Chapter One
Cassius
The only successful thing I’ve done in my life is live up to my name.
One of the clearest memories I have of grade school is the day we were assigned The Name Project. I’m not sure what, exactly, it was supposed to teach us, other than the skills to research and think outside of the box and realize how ridiculous our parents are for choosing the names they did. It was especially difficult for me, not only because of my name’s meaning, but because of my living situation—but that was something I would learn to deal with and eventually accept.
The night before the project was due, I was lying in my bed, dreading going into school the next day because I had nothing to show. I’d get another zero, all because I couldn’t afford a damn thing needed for this project. At that time, I hadn’t resorted to stealing yet—I wasn’t that desperate. But there was a time when I stole everything I needed, which didn’t last long because I realized I was nothing like my mother and felt bad fordoing something wrong. Unlike her, I have a conscience and a moral compass that points in the right direction.
But as I was lying on the lumpy mattress, staring at the space beneath the top bunk, my sister, Cammy, snoring on the bunk beside me, the answer hit me like a bolt of lightning. I jolted upright in bed, nearly smacking my head on the bunk above me, dashed out of my room and into the bathroom. I dug through the cabinet beneath the sink, ignoring the water-stained bins and toilet paper rolls because the pipe under there had leaked for as long as I could remember.
There it was.
The exact thing I needed. It was rare we had anything of importance left lying around, but Mom must have overlooked this. Not that she could get much for it. What would someone do with a cracked fishbowl? It couldn’t hold a fish any longer, though I still mourn that little orange thing, and it wasn’t big enough for another animal—but it was exactly what I needed for this project.
That night, for the first time in a long time, I went to sleep with a smile on my face. I knew it wouldn’t last, but I let myself have it anyway. Just this once it would be okay to be happy about something.
When I woke up earlier than usual, the bowl was still at the foot of my bed, right where I left it. I put it into my backpack as carefully as possible and hurried out to the bus stop twenty minutes early. My stomach grumbled, but that was nothing new. The meals in school were the only meals I ate. The lunchladies gave me extra so I could have late night snacks or eat something over the weekend, but I always shared with Cammy because she was too young for school, and I didn’t know what she was fed during the day.

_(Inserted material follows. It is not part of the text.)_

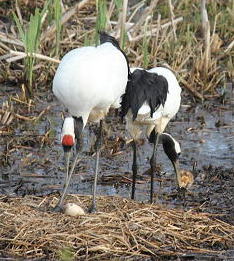 2ヶの卵が確認できます。 これは望遠レンズで撮影していますので、実際には丹頂との距離をとっています。そうっとしておくことが大事です。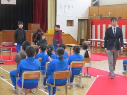 3/14 卒業式予行 公開日 2024/03/14 更新日 2024/03/14 学校行事 卒業式予行の様子です。 19日の卒業式に向けた練習を行いました。ほどよい緊張感の中、しっかりと取り組めました。6年生は、入退場や卒業証書授与など、一つ一つの動きがとてもよくなってきました。1〜5年生も、今日の予行を経て、卒業式に向けての気持ちが高まってきたようです。ここからのさらなる頑張りが楽しみです。来週は、きっとすばらしい卒業式ができることと期待しています。

I was vibrating with excitement all the way to school, and when the teacher asked who wanted to present first, my hand shot up. The inertia caused me to move upward, my knee banging the desk, and everyone stared at the chaos I was causing. I didn’t care though—not that day. Ms. Henry was shocked by my enthusiasm, considering I never wanted to do anything first. Kids in class always looked at me funny, and I didn’t like being the center of attention. They were always mean to me, so I kept to myself.
“Okay, Cassius. You can go first,” Ms. Henry said with a kind smile. She was nice enough.
“Yes!” I hissed under my breath, then carefully pulled the bowl from my bag and went to the front of the class.
With a grin, I held the bowl out in front of me and proudly said. “My name is Cassius. It means ‘hollow’ and ‘empty.’ Just like this bowl.”
It was silent.
Everyone stared.
Not a peep. Not a blink.
Then the whispers started.
“Cassius, I’m not sure you understood the assignment,” Miss Henry said carefully.
“Yes, I did,” I answered confidently. “This is empty like my name means. It’s exactly right. It means the same thing. They’re synonyms. That’s what we learned in English class.”
The whispers got louder and the giggling started. Miss Henry tried to shush them, but it only got worse.
My cheeks got warm. My chest felt tight. Tears burned my eyes and my mouth went dry.
I hardly heard the shattering of the glass on the floor as I dropped the bowl and ran out the door.
I learned early that trying your hardest doesn’t protect you—it just makes you more visible when someone decides to aim.
I learned young that hoping for things only teaches you how to wait for disappointment.
And I learned that you can’t rely on anyone but yourself—because when things get hard, people leave to protect what matters to them.
So, that’s my trauma story, but definitely not the only shitty thing I’ve dealt with in life. In fact, that was only the beginning.
“Do you want another?”
The guy in front of me comes into focus when I blink to clear the fog in my eyes.
I huff a laugh. “Fuck. Forgot where I was for a minute.” I scratch my head and stare at my empty glass. “Yeah, I’ll take another.”